In this chapter, we’ll explore the Net component and look at the protocols it makes available. This will help you understand the basics of these protocols before you begin using them. Next, we’ll examine the structure of the Net component and explore its API. Finally, we’ll use all this information to develop a multiprotocol handler that uses each of the protocols.

Getting to know the protocols

A protocol, in the real world, is a way something should be done. By adhering to a protocol, you’re following a strict procedure for doing certain things—for example, you shouldn’t take the last helping of dessert without asking a dinner guest if they’d like to have it!

In the computer world, a protocol is a previously agreed upon way for two machines to exchange information with each other. Without a protocol to guide and define how machines talk to each other, there would be anarchy and confusion. A protocol may determine several things: how the two machines will handshake, how the transmitting machine will initiate transfer of data, what the format of the data will be, what the recipient machine will do to indicate that it has received the data, what the recipient machine will do to indicate an error condition, and so on.

TCP and UDP: the building blocks

Before we talk about the protocols covered by the Net component, let’s discuss the protocols that are the building blocks of these protocols. A discussion of network technologies is incomplete without a basic understanding of the TCP and UDP protocols, which are the low-level protocols that act as the message carriers for the high-level, application-specific protocols.

The Transmission Control Protocol (TCP) is specified in rfc793 (See module 2, section 2.1.1, for the definition of an RFC). It’s a reliable, connection-oriented, complex protocol:

  • It’s reliable because data sent by TCP can’t be lost: The protocol marks all packets of information that it transmits with a sequence number. This allows for retransmission of packets that go missing, because the receiving end can ask for those packets by looking up the sequence numbers of the packets it receives.
  • It’s connection-oriented because a connection must be established between machines before data can be exchanged between them.
  • It’s complex because it requires error correction and retransmission policies built in at the protocol layer itself.
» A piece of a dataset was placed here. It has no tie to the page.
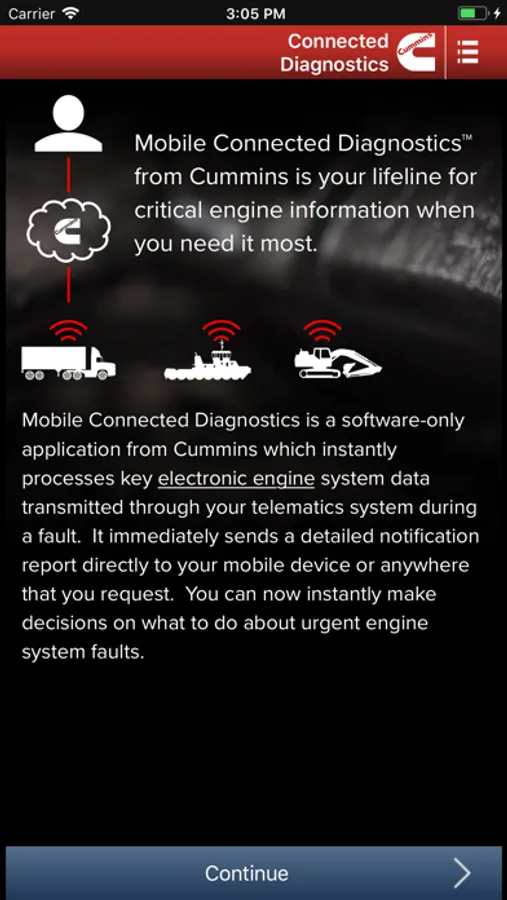 Mobile Connected Diagnostics transforms Cummins engine system fault data into actionable information to enable instant decisions for maximum equipment productivity.

The User Datagram Protocol (UDP) is specified in rfc768. It’s a nonreliable, connectionless, simple protocol:

  • It’s nonreliable because packets sent via UDP may or may not reach their destination: The packets may get lost along the route due to incorrect addressing or checksum errors.
  • It’s connectionless because each packet is self-contained with the source host and destination host address. No direct connection stream is established between the source and the destination machines.
  • It’s simple because it doesn’t require a connection, and no error checking or retransmission of packets is involved. This also means that if an application-level protocol is using UDP as the underlying protocol for transmission of data, it must be ready to accept loss of data or handle error checking and retransmission of lost data on its own.
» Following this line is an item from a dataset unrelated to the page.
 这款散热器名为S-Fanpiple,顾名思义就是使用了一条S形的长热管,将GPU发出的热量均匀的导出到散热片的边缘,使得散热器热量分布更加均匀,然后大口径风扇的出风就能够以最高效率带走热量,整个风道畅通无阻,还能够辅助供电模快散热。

It helps to think of TCP as a continuous phone line communication channel and UDP as a standard postal letter communication channel. With TCP, a continuous full duplex (two-way) channel is established before any data is exchanged, similar to numbers being dialed before a phone call begins. With UDP, a letter is marked with a destination address and is posted; it will probably reach its destination, but it may not.

Both TCP and UDP are protocols on the Transport layer of the standard TCP/IP four-layer model, which is shown in figure 3.1. For this reason, these protocols are low-level protocols as compared to, for example, HTTP, which is considered a high level protocol.

 Figure 3.1 The four-layer TCP/IP model, showing the different levels of protocols

High- and low-level protocols

Whenever an application-level protocol is used, it’s likely to be running on top of other low-level protocols. Consider HTTP. Although this protocol is designed to transfer information between a web browser and a web server, it relies on an underlying protocol (TCP) to gather together the packets to be transmitted to the server. HTTP (built into the web browser) at the client end talks with TCP on the client’s machine. TCP, in turn, talks to a protocol at a still lower level (IP), again on the client’s machine. This protocol talks across the physical layer to the server and transmits the packets.

Conceptually, the web browser’s HTTP is taking with the HTTP on the web server end. Physically, the information goes through a series of protocols before being transmitted. A protocol at the top end of the chain is a high-level protocol—it’s the one making all the initial requests (if you ignore the user). The protocols it talks to in order to complete the user requests are low-level protocols.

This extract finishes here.